## Dataset records
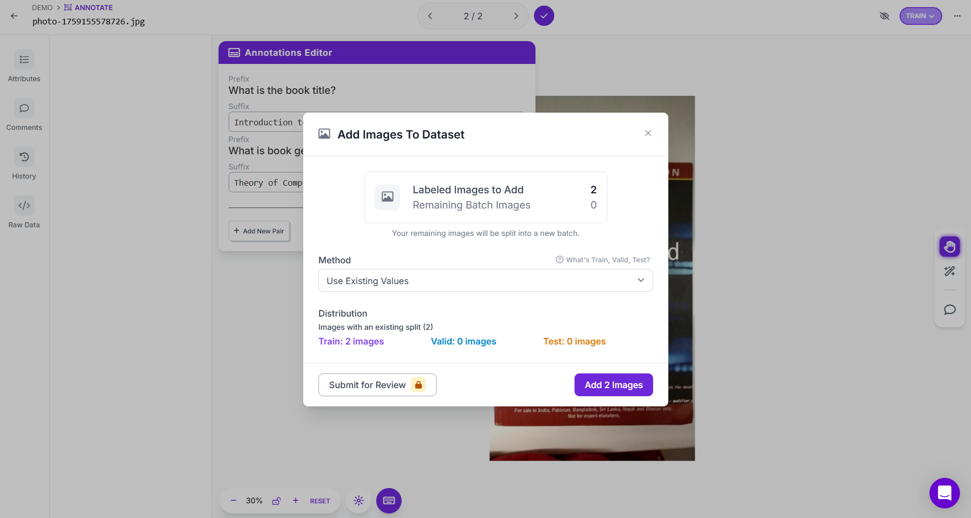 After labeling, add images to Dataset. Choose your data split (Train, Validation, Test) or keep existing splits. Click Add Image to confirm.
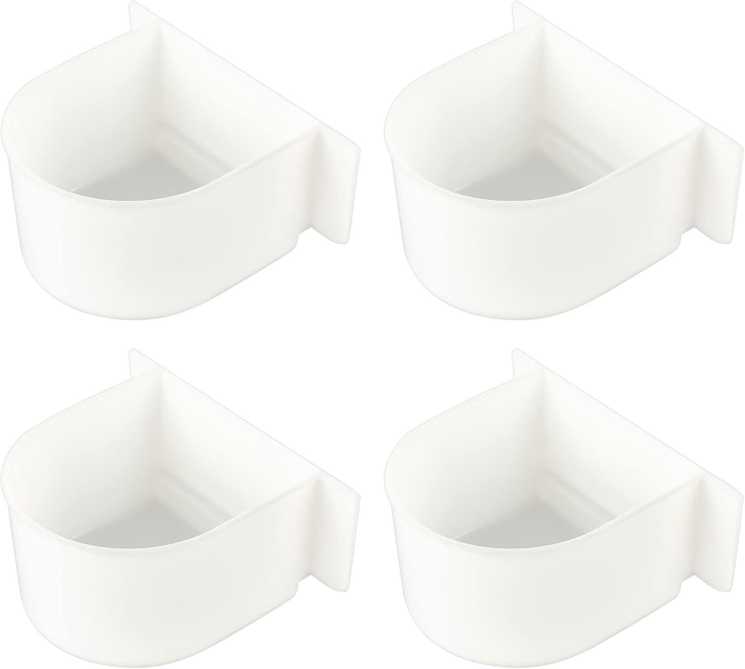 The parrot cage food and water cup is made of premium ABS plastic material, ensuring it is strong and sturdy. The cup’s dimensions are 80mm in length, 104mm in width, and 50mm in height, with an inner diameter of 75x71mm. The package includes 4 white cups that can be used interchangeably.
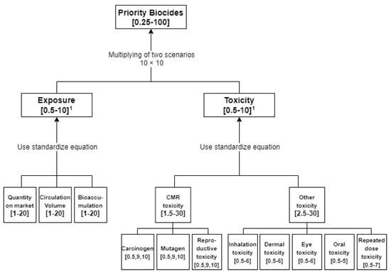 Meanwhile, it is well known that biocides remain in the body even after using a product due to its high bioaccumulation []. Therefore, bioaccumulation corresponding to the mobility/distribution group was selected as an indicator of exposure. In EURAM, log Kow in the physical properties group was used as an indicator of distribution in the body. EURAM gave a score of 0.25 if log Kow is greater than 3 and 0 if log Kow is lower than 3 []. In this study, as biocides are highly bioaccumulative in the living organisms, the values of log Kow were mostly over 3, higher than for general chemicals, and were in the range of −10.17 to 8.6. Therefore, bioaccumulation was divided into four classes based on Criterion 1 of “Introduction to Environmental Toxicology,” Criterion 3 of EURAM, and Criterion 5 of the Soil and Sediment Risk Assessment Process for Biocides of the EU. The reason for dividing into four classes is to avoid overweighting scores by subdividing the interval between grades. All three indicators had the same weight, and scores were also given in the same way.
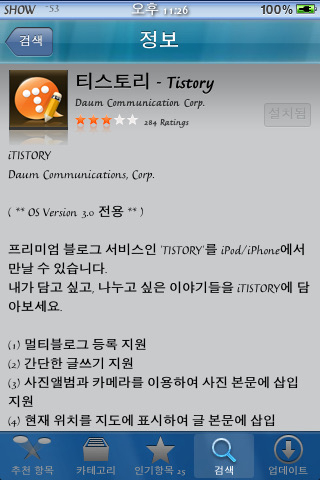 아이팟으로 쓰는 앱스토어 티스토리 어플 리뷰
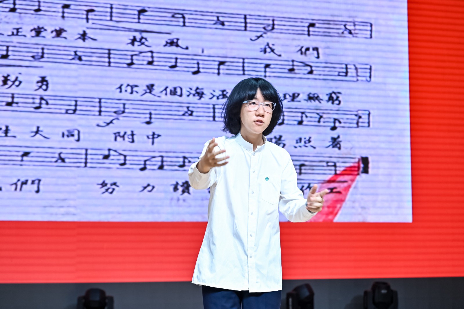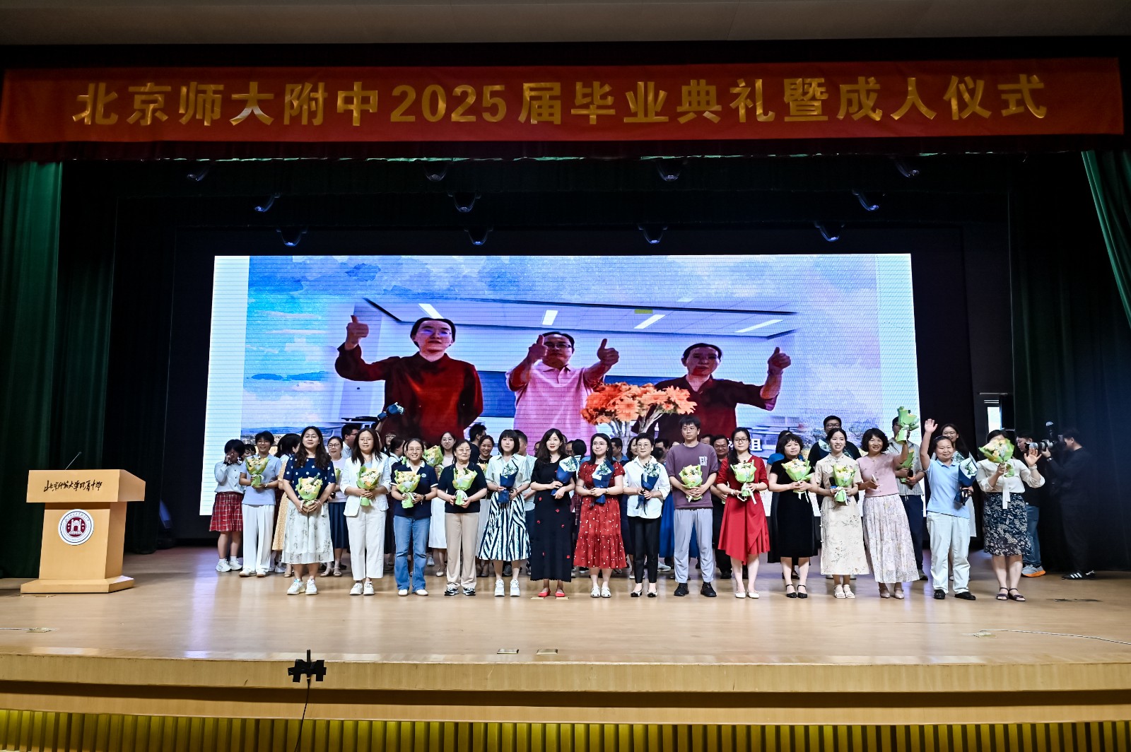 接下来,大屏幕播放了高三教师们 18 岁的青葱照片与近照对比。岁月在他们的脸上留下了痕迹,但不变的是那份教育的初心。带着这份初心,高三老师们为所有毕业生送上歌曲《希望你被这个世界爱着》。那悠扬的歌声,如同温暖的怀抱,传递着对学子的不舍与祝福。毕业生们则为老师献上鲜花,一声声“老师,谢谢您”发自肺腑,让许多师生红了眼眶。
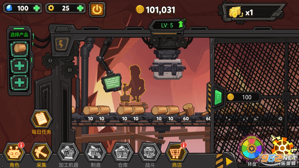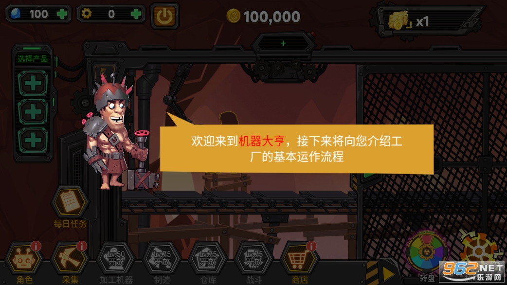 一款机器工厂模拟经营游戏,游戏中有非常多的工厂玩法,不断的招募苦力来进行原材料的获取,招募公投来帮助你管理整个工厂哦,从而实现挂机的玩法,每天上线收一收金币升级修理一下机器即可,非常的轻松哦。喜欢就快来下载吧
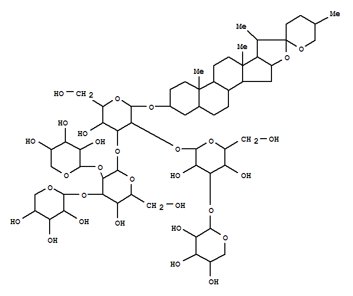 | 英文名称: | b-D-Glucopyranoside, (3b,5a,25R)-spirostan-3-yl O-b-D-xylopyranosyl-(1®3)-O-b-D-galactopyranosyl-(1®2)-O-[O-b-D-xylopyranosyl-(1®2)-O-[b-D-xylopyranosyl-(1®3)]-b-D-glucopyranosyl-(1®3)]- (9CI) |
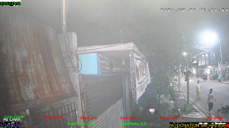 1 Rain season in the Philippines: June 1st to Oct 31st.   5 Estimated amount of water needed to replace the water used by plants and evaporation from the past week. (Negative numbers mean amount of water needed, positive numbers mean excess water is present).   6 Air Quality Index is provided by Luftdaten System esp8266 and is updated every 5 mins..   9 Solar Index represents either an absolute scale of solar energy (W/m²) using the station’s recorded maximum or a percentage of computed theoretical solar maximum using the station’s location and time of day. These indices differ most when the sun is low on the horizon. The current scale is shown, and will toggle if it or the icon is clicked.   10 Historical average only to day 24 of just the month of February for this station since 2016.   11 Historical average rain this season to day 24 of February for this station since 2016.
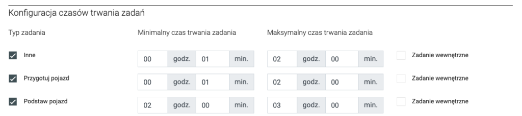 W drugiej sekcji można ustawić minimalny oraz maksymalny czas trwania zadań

## Requirement
Aside from its pictures, the listing must be given again in full, exactly as it appears.

## The answer
 After labeling, add images to Dataset. Choose your data split (Train, Validation, Test) or keep existing splits. Click Add Image to confirm.
 The parrot cage food and water cup is made of premium ABS plastic material, ensuring it is strong and sturdy. The cup’s dimensions are 80mm in length, 104mm in width, and 50mm in height, with an inner diameter of 75x71mm. The package includes 4 white cups that can be used interchangeably.
 Meanwhile, it is well known that biocides remain in the body even after using a product due to its high bioaccumulation []. Therefore, bioaccumulation corresponding to the mobility/distribution group was selected as an indicator of exposure. In EURAM, log Kow in the physical properties group was used as an indicator of distribution in the body. EURAM gave a score of 0.25 if log Kow is greater than 3 and 0 if log Kow is lower than 3 []. In this study, as biocides are highly bioaccumulative in the living organisms, the values of log Kow were mostly over 3, higher than for general chemicals, and were in the range of −10.17 to 8.6. Therefore, bioaccumulation was divided into four classes based on Criterion 1 of “Introduction to Environmental Toxicology,” Criterion 3 of EURAM, and Criterion 5 of the Soil and Sediment Risk Assessment Process for Biocides of the EU. The reason for dividing into four classes is to avoid overweighting scores by subdividing the interval between grades. All three indicators had the same weight, and scores were also given in the same way.
 아이팟으로 쓰는 앱스토어 티스토리 어플 리뷰
 接下来,大屏幕播放了高三教师们 18 岁的青葱照片与近照对比。岁月在他们的脸上留下了痕迹,但不变的是那份教育的初心。带着这份初心,高三老师们为所有毕业生送上歌曲《希望你被这个世界爱着》。那悠扬的歌声,如同温暖的怀抱,传递着对学子的不舍与祝福。毕业生们则为老师献上鲜花,一声声“老师,谢谢您”发自肺腑,让许多师生红了眼眶。
 一款机器工厂模拟经营游戏,游戏中有非常多的工厂玩法,不断的招募苦力来进行原材料的获取,招募公投来帮助你管理整个工厂哦,从而实现挂机的玩法,每天上线收一收金币升级修理一下机器即可,非常的轻松哦。喜欢就快来下载吧
 | 英文名称: | b-D-Glucopyranoside, (3b,5a,25R)-spirostan-3-yl O-b-D-xylopyranosyl-(1®3)-O-b-D-galactopyranosyl-(1®2)-O-[O-b-D-xylopyranosyl-(1®2)-O-[b-D-xylopyranosyl-(1®3)]-b-D-glucopyranosyl-(1®3)]- (9CI) |
 1 Rain season in the Philippines: June 1st to Oct 31st.   5 Estimated amount of water needed to replace the water used by plants and evaporation from the past week. (Negative numbers mean amount of water needed, positive numbers mean excess water is present).   6 Air Quality Index is provided by Luftdaten System esp8266 and is updated every 5 mins..   9 Solar Index represents either an absolute scale of solar energy (W/m²) using the station’s recorded maximum or a percentage of computed theoretical solar maximum using the station’s location and time of day. These indices differ most when the sun is low on the horizon. The current scale is shown, and will toggle if it or the icon is clicked.   10 Historical average only to day 24 of just the month of February for this station since 2016.   11 Historical average rain this season to day 24 of February for this station since 2016.
 W drugiej sekcji można ustawić minimalny oraz maksymalny czas trwania zadań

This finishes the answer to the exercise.